Diana González

Personal information
- Full name: Diana Victoria González Barrera
- Date of birth: 10 September 1993
- Place of birth: Toluca, Mexico
- Date of death: 1 November 2019 (aged 26)
- Place of death: Mexico City, Mexico
- Height: 1.65 m (5 ft 5 in)
- Position: Midfielder

Senior career*
- Years: Team / Apps / (Gls)
- 2018–2019: América / 18 / (5)

International career^{‡}
- 2010: Mexico U17 / 3 / (0)

= Diana González =

Mexican footballer (1993–2019)

Diana Victoria González Barrera (10 September 1993 – 1 November 2019) was a Mexican professional footballer who played as a midfielder. She spent her entire club career with Club América of Liga MX Femenil. She had been a member of the Mexico women's national under-17 team.

==Club career==
===América===
González made her debut with Club América. At eight years old, she wished that in Mexico there was a professional soccer league for women equal to the manly one.

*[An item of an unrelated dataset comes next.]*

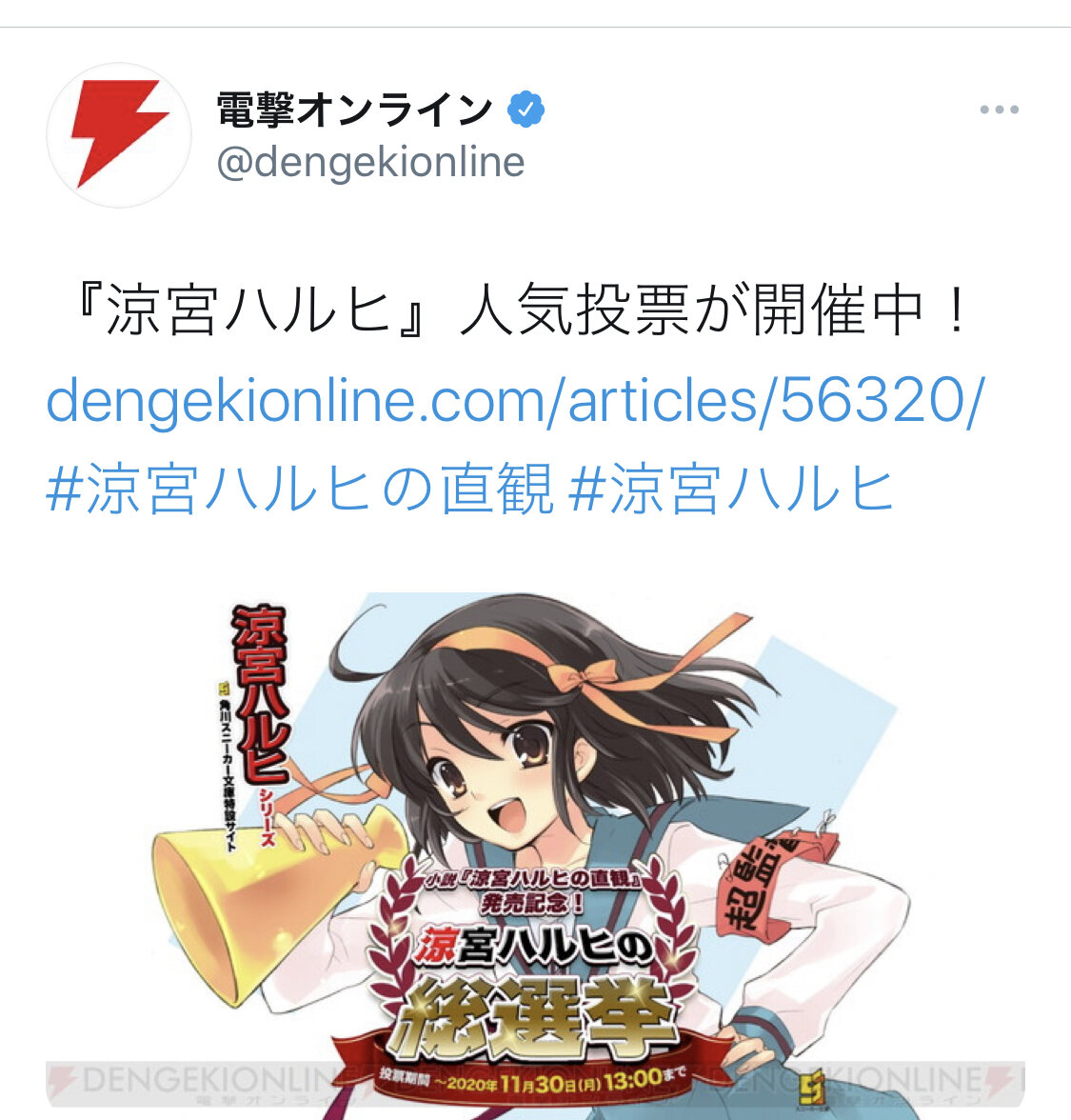 冗談ですそもそもハルヒ関係で最後にアニメ化したの長門有希ちゃんの消失だしな

She debuted in the Liga MX Femenil on 23 July 2018 during a duel Club América vs Deportivo Toluca, being her first season in the 2018 Apertura Tournament (Mexico), in which she played seven games with a total of 526 minutes played. She scored four goals and received a yellow card.

In her second season, she played eleven games with a total of 670 minutes of action, with a single goal scored and received two yellow cards. González suffered knee injury in a match against Pachuca, in which she scored her first goal of the tournament, leaving her unable to play for six months.

She was in 2017 at the Telmex Telcel Championship, and in 2018 she was at the Telmex Telcel University Championship, where her team had won.

After many rumors and expectations in her hometown on 22 September 2017, she was presented by the 2018 opening before the UANL Tigers, however she trained with America looking for a position for a foreigner position in the first team.

==International career==
González represented Mexico at the 2010 FIFA U-17 Women's World Cup.

==Death==
González died on 1 November 2019 due to a decompensation in glucose levels after suffering hypoglycemia, she was 26 years old. She was the first player who had been featured in the Liga MX Femenil to die.